Scumbling \Scum"bling\, n.

  1. (Fine Arts)

    1. A mode of obtaining a softened effect, in painting and drawing, by the application of a thin layer of opaque color to the surface of a painting, or part of the surface, which is too bright in color, or which requires harmonizing.

    2. In crayon drawing, the use of the stump.

  2. The color so laid on. Also used figuratively.

    Shining above the brown scumbling of leafless orchards.
    --L. Wallace.

Scumbling

Scumble \Scum"ble\, v. t. [imp. & p. p. Scumbled; p. pr. & vb. n. Scumbling.] [Freq. of scum. [root] 158.] (Fine Arts) To cover lighty, as a painting, or a drawing, with a thin wash of opaque color, or with color-crayon dust rubbed on with the stump, or to make any similar additions to the work, so as to produce a softened effect.

Wiktionary
scumbling

n.
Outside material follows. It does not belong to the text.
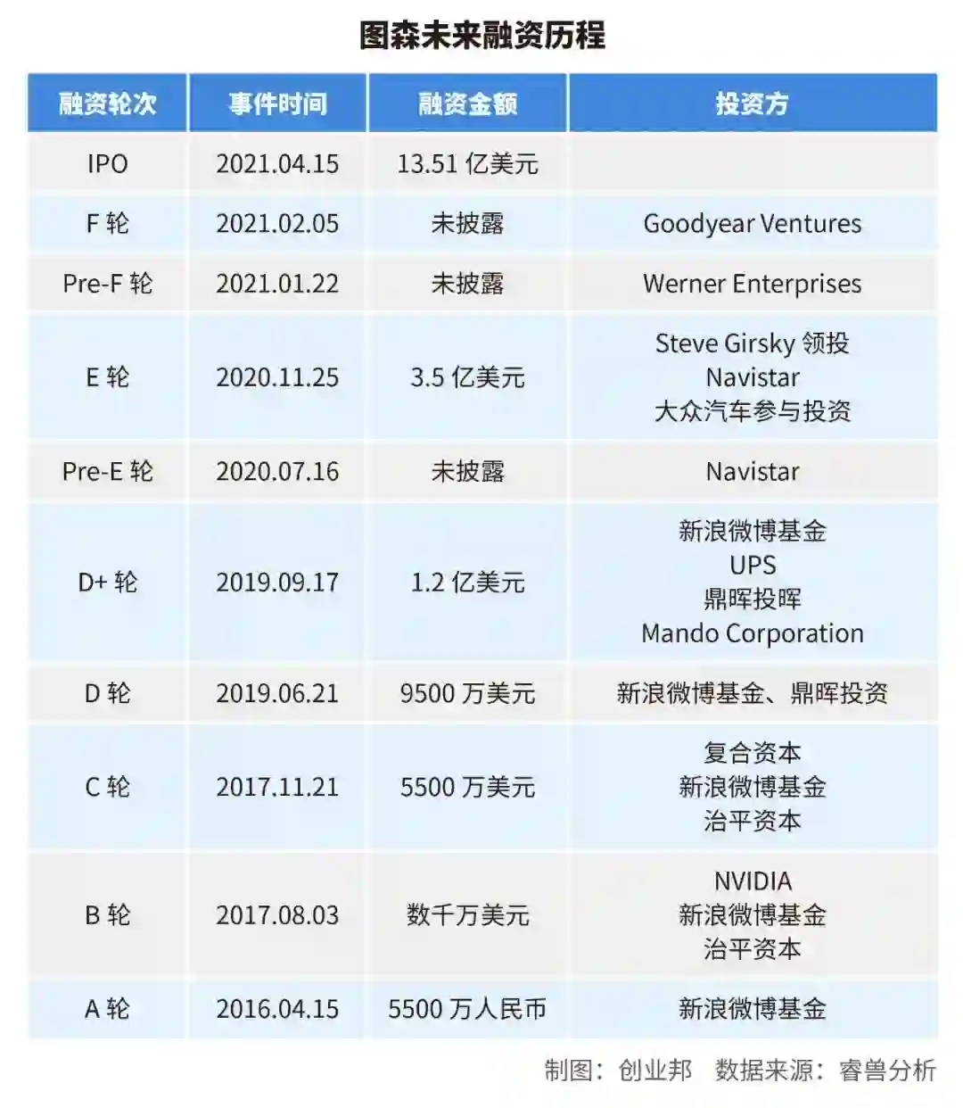 D+轮之后,大众汽车集团、Navistar(美国卡车品牌)、Goodyear Ventures(固特异创投)、Werner Enterprises(沃纳,美国一家物流运输公司)等也先后投资了Pre-E到F轮的IPO前的投资。

An application of scumbling; an opaque glaze. vb. (present participle of scumble English)

Usage examples of "scumbling".

After the stint at the Ritz, the movie star was given three rooms in Sisodia's cavernous, designer--chic flat in an old mansion block near Grosvenor Square, all Art Deco marbled floors and scumbling on the walls.

He lifted a fan-ended scumbling brush and twirled it deftly around two fingers.

Then, as quickly as a trap taking a rat, the wolf snapped back around Bob and he fell down, his jaw working, growls scumbling in the thick mucus that was the waste matter of these furious changes.